Moses the monkey finds himself in a grid with a ton of lasers!

The grid has ~N+2~ rows numbered from ~0~ to ~N+1~, and ~M~ columns numbered from ~1~ to ~M~. Each row ~i~ from row ~1~ to ~N~ has a special laser located on cell ~c_i~ of that row. However, each laser can only face one direction ~d_i~, either left or right, which Moses knows beforehand. A laser located at column ~i~ facing left will vaporize everything in any cell on the same row with column ~j~ where ~j < i~. Similarly, a laser facing right will vaporize every cell on the same row with column ~j > i~.

Moses can start off in any cell on row ~0~. He wishes to reach row ~N+1~, but has a strong desire to not be vaporized. Thus, from his current cell, Moses can move to any adjacent cell inside the grid that does not cause him to be vaporized, incurring a cost of ~1~. However, he cannot move up. If Moses moves into a row where the laser is not looking in his direction, he uses his handy-dandy gadget to destroy it permanently. Note that Moses is not allowed to enter a cell with a laser.

Moses also has a special ability that he can use, and by using his special ability once, he flips the direction of every remaining laser. Using this ability while he is in row ~i~ has a cost of ~k_i~. Note that the special ability is available to be used an infinite number of times in any row between ~0~ and ~N~ inclusive.

Given that Moses can end off in any cell on row ~N+1~, what is the smallest possible cost required to reach row ~N+1~ without being vaporized?

Constraints

~1 \le N \le 2 \times 10^5~

~2 \le M \le 10^9~

~1 \le c_i \le M~

~1 \le k_i \le 10^9~

Subtask 1 [10%]

~1 \le N \le 300~

Subtask 2 [30%]

~1 \le N \le 3 \times 10^3~

Subtask 3 [60%]

No additional constraints.

Input Specification

The first line contains two space-separated integers ~N~ and ~M~.

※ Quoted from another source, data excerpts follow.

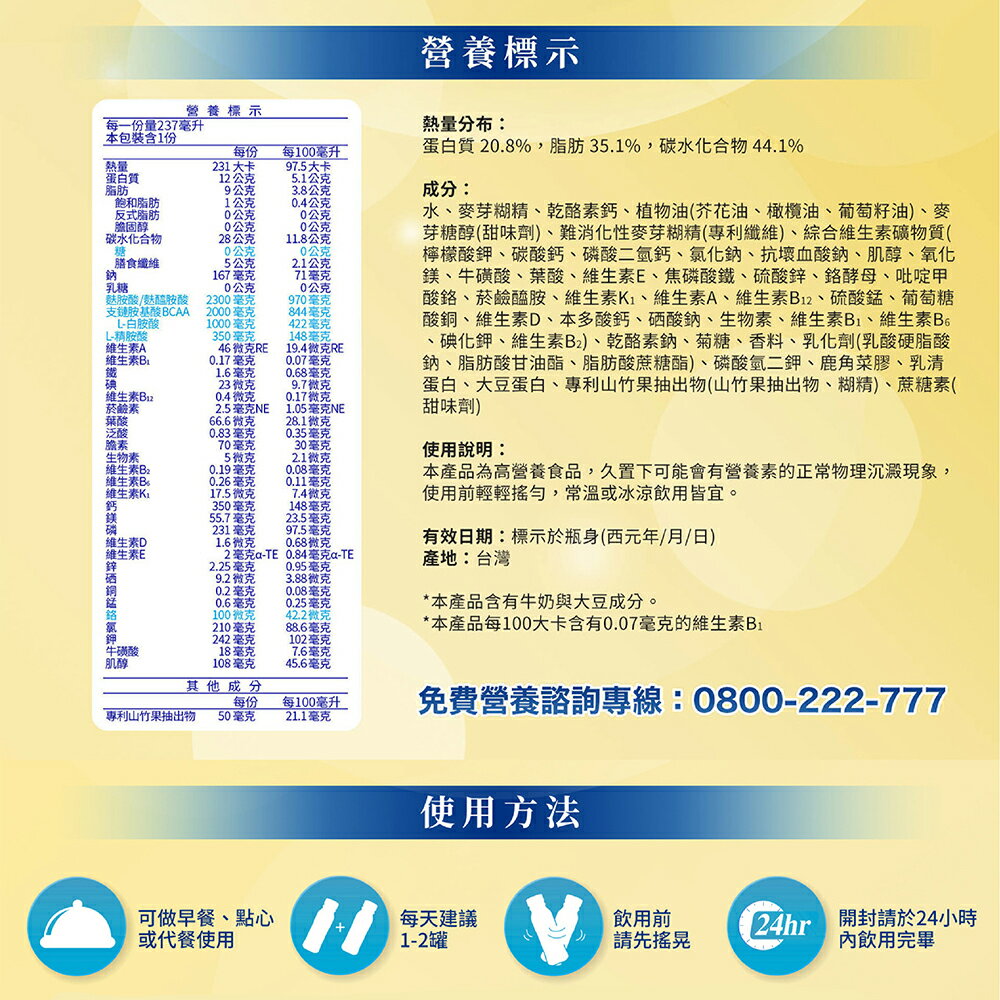 維維樂佳倍優的鉻100配方。各大醫學中心指定使用,超過千位醫學人士認同,國家認證營養師調配。有助維持醣類代謝(鉻、鋅),B1、精胺酸配方有助維持心臟功能,高鈣500有助於維持骨骼健康。內含維生素C有助傷口癒合,醫學營養雙科推薦,添加專利山竹果抽出物。零膽固醇,低鈉。奶素可食。 商品名稱:維維樂 佳倍優 鉻100 3EX 強化配方 商品口味:鉻100 3EX 強化配方無糖 商品規格:237ml/罐。,24罐/箱(無贈罐) 適用對象:銀髮族群、病後補養、需增體力、上班族群、營養不足。 有效期限:12個月 商品產地:台灣 商品成分: 水、麥芽糊精、乾酪素鈣、植物油(芥花油、橄欖油、葡萄籽油)、麥芽糖醇(甜味劑)、難消化性麥芽糊精、綜合維生素礦物質(檸檬酸鉀、碳酸鈣、磷酸二氫鈣、氯化鈉、抗壞血酸鈉、肌醇、氧化鎂、牛磺酸、葉酸、維生素E、焦磷酸鐵、硫酸鋅、鉻酵母、吡啶甲酸鉻、菸鹼醯胺、維生素K1、維生素A、維生素B12、硫酸錳、葡萄糖酸銅、維生素D2、本多酸鈣、硒酸鈉、生物素、維生素B1、維生素B6、碘化鉀、維生素B2)、乾酪素鈉、菊糖、香料、乳化劑(乳酸硬脂酸鈉、脂肪酸甘油酯、脂肪酸蔗糖酯)、磷酸氫二鉀、鹿角菜膠、乳清蛋白、大豆蛋白、專利山竹果抽出物(山竹果抽出物、糊精)、蔗糖素(甜味劑)。 『注意事項』 .配送方式請選擇『宅配』。 .訂購前請先店長客服,感謝您的配合。 .建議每日1-2罐,可做早餐、點心或代餐使用。 .未開封前可置於乾燥陰涼處保存。 即開即飲,亦可冰涼後使用。若需溫熱使用時,請隔水加熱,但勿煮沸。 .本品為高營養食品,久置下可能會有營養素的正常物理沉澱現象, 使用前請搖勻後使用。未食用完請加蓋冷藏並於24小時內食用完畢。 .本產品含有牛奶、大豆成分。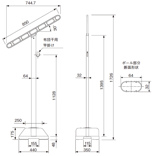 [サイズ]850mm×1726mm[本体重量]2.5kg [材質]ポール:アルミ/アーム:ADC [仕上]ポール:アルマイト/アーム:アクリル焼付塗装 [色]ポール:シルバー/アーム:ステンカラー 購入に関する注意事項 特長 ・マンション1階の庭付きバルコニーや、戸建住宅の庭置き式として最適です。 ・手摺り・腰壁のない1階の庭付きバルコニーの場合でも、上階の物干金物と景観を合わせることができます。 ・外観を重視し本体のポール部分にはアルミ材を採用。 ・竿掛け部分(アーム)との違和感がありません。 ・高さ1726mmの設定のため、小柄な方でも手が届きます。 ・樹脂ベースII(別売)は、ベース本体の中に水や砂を入れて簡単に使用することができます。(ベース内容量 水のみ:16kg)また、キャップがネジ式のため外れません。 ご注意 ・スカイクリーンスタンド2本1組あたりに掛けられる洗濯物の重さは目安荷重として15kgまでです。(無風状態の場合) ・必ず水平な場所に設置してください。 ・屋上など常に強風の吹く場所は、転倒の可能性があり危険です。 ・850SST本体は、組立式(1箱2本入)です。 ・樹脂ベースIIの出荷単位は1台です。 ・コンクリートベースをご使用の際は別途ご用意ください。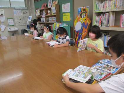 3年生 図書室で(読書にふける) 公開日 2022/07/13 更新日 2022/07/13 3年生 夏休み前の特別貸し出しを利用するために 図書室へ行きました。 夏休み期間は、ひとり5冊まで借りることができます。 読んでみたいと思う本を借り、早速図書室で読書をしました。 手に取って、読んでみたいと思う本との出逢い。 やはり、よいものですね。

The next line contains ~N~ space-separated integers ~c_i~, the position of the laser for each row from ~1~ to ~N~.

The third line contains a string ~d~ of length ~N~ where the ~i^{th}~ laser is facing left if ~d_i~ is L and facing right if ~d_i~ is R.

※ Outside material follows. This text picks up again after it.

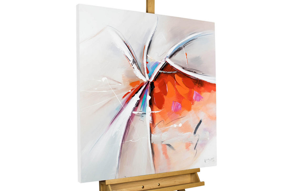 Eine fragile Oberfläche, die aufbricht und den Blick auf das freigibt, 'Was einmal war'. In diesem handgemalten Acrylbild durchbrechen warme Rottöne das rissige Weißgrau und erzählen dem Betrachter von einer Zeit voller Hoffnung und Glück. Schenken Sie Ihren Besuchern mit diesem Bild im Wohnzimmer ein wohliges Gefühl voller Zuversicht! Ihr handgemaltes Gemälde erhalten Sie in der Größe 80x80cm. Anders als bei minderwertigen Drucken auf Leinwand können Sie auf unseren Unikaten jeden Pinselstrich fühlen.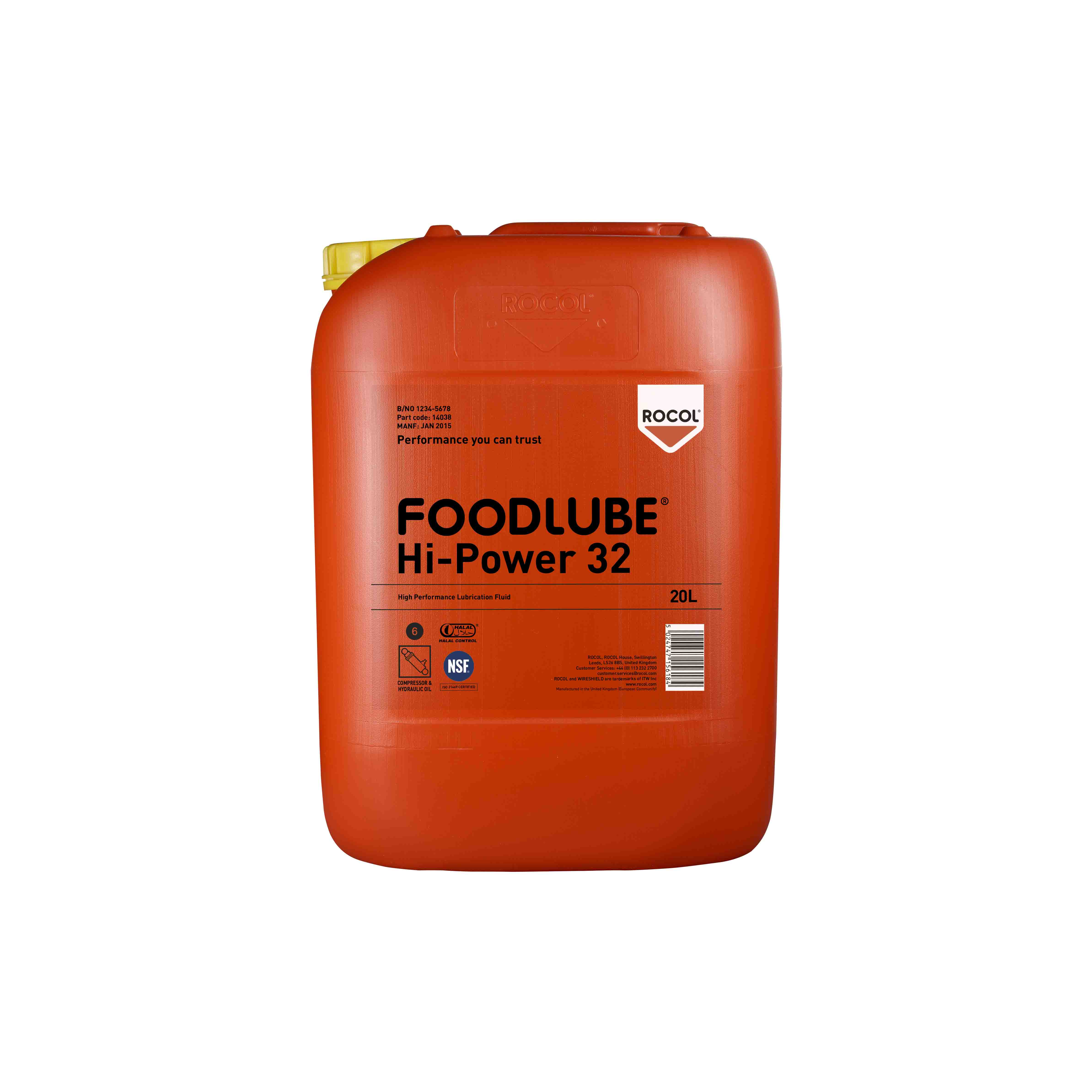 This is Lubricant 20 L Can Foodlube Hi-Power Oil manufactured by Rocol. The manufacturer part number is 15895. It comes in multipurpose lubricant configuration.

The fourth and final line contains ~N+1~ space-separated integers ~k_i~, the cost of using the special ability on each row from ~0~ to ~N~.

Output Specification

Output one integer representing the minimum cost Moses will incur to reach row ~N+1~.

Sample Input 1

2 3
2 1
LR
7 727 69

Sample Output 1

11

Explanation for Sample 1

For the purposes of this explanation, assume that cell ~(0, 1)~ is the top-leftmost cell and cell ~(N+1, M)~ is the bottom-rightmost cell in the above diagrams. The lasers in each row are labeled with the direction they are facing, L for left and R for right; Moses is represented by the character P.

The diagrams show Moses' situation every time he uses his special ability or makes a move. The following lines describe Moses' journey in chronological order.

The top-left diagram shows the grid's initial state. To minimize cost, Moses decides to start at cell ~(0, 1)~.

The top-middle diagram shows the grid's state after Moses uses his special ability while at row ~0~. This incurs a cost of ~7~.

Moses moves into the grid at cell ~(1, 1)~, incurring a cost of ~1~. He destroys the laser on row ~1~. This is seen in the top-right diagram.

Moses moves right into cell ~(1, 2)~, incurring a cost of ~1~. Since the laser is no longer there, this is a legal move. This is shown in the bottom-left diagram.

Moses then moves down into cell ~(2, 2)~, incurring a cost of ~1~. He destroys the laser on row ~2~. This is depicted by the bottom-middle diagram.

Moses moves down one more time arriving at cell ~(3, 2)~, incurring a cost of ~1~. This is shown by the bottom-right diagram.

Moses has reached row ~N+1~ incurring a total cost of ~11~, which can be proven to be minimal.

Sample Input 2

3 3
1 3 2
LRR
420 563 447 7216

Sample Output 2

5